Research Group of Prof. Dr. M. Griebel
Institute for Numerical Simulation
maximize

MULTIMAT - Multiscale modeling and characterization of phase transformation in advanced materials

Many applications of so-called smart materials are based on changes in their atomic, nano- and microstructure brought about by phase transformations. In order to further develop and apply these materials we need a better and fundamental understanding of the underlying principles of these processes. MULTIMAT aims to continue existing and fruitful collaborations between strong theoretical and experimental research groups active in this exciting and promising field of advanced materials.

MULTIMAT is a Marie Curie Research Training Network (RTN) funded by the European Union. Many teams mainly from Europe contribute to the MULTIMAT network, see the team list on the homepage of the MULTIMAT network. The team from the University of Bonn consists of Within our research group, Prof. Dr. Michael Griebel and Dr. Marcel Arndt are involved in the following projects of the MULTIMAT network:

The macroscopic behavior of material is governed by effects on the atomic level and even finer length scales. Therefore a precise description of the material behavior needs to be targeted on the full hierarchy of scales. To this end, it is essential to study the relationship of the different length scales. It is necessary to develop both analytical and numerical techniques to bridge the different length scales. Several aspects of this topic are addressed by our two projects within the MULTIMAT network.

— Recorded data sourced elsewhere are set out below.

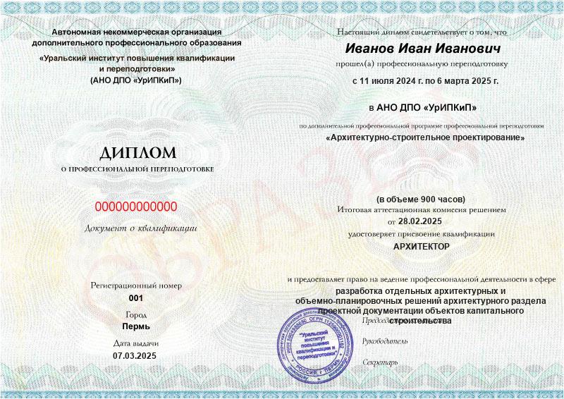 Да, дипломы и удостоверения оформляются в соответствии с действующим законодательством РФ. Документы печатаются на специальных бланках, заверяются печатью АНО ДПО «УрИПКиП».
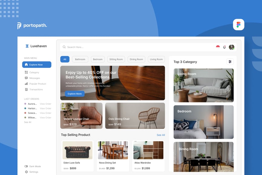 专为电商管理和分析设计的仪表盘 UI 模板。简洁的界面布局让用户能够无缝管理产品、查看销售业绩和分类。非常适合家具、家居装饰和生活方式商店平台。使用 Figma 构建,拥有专业直观的设计,注重易用性和视觉清晰度。非常适合设计人员、开发人员和初创公司创建管理仪表盘或 Web 应用。
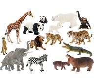 Fine og detaljrike lekedyr. alligator, neshorn, leopard, tiger, kamel, sebra, panter, giraff, løve og elefant. Lengde 10-19 cm. Av PVC uten ftalater. Fra 3 år.
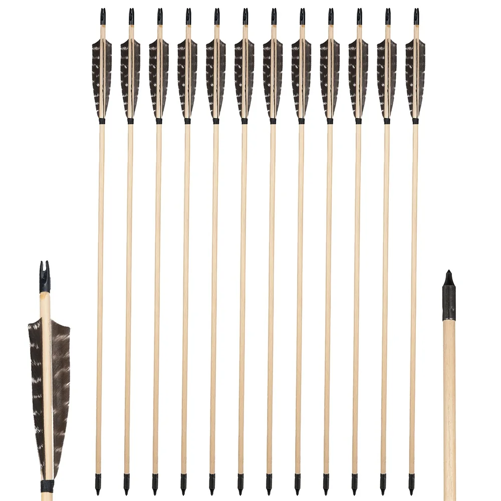 Flecha de madera para tiro con arco de 31 pulgadas, para tradicional, recurvo, largo alcance, escudo Natural, plumas, objetivo de caza al aire libre OD8mm
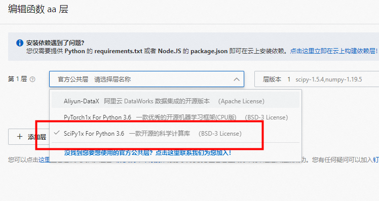 • 函数配置中挂载这个公共层就可以了 有numpy模块
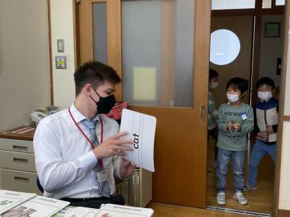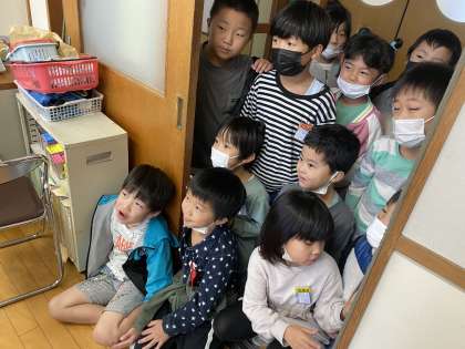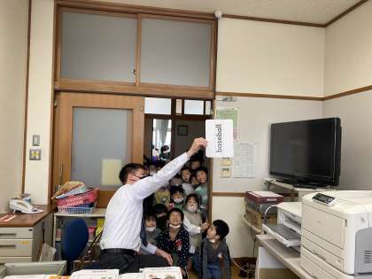 職員室の扉からALTの先生と話していた数名の子供たち。それを見ていた1年生がたくさん集まってきました。英語とALTの先生に興味津々です。

As an application, we study the behavior of shape memory alloys, which exhibit an interesting multiscale behavior.

Project "Multiscale numerical algorithms: Coupling of different physical models on the micro scale and the macro scale"

The goal of this project is to develop numerical techniques in which models from different length scales are coupled numerically, that means to deal with different models on different scales simultaneously within a single simulation. Instead of using a single model on a single length scale, different models on different length scales are integrated in one simulation. The underlying principle is to use the macro model whereever it is applicable, and to fall back to the more precise but computationally costly micro model in regions where the macro model fails or where its accuracy is insufficient. This way, numerical simulations can be efficiently performed which are too costly on the microscale and which involve effects which cannot be described on the macroscale.

Project "Computational modeling of multiscale materials: Derivation of continuum mechanical models from atomistic models"

In this project, analytical and computational techniques are developed to derive models on larger length scales from models on finer length scales. The rigorous derivation allows for models which are more accurate than conventional phenomenological models. Especially we focus on deriving high-accuracy continuum mechanical models from atomistic models. Additionally, we compare the achieved results with experimental data to verify the newly developed analytical and numerical techniques.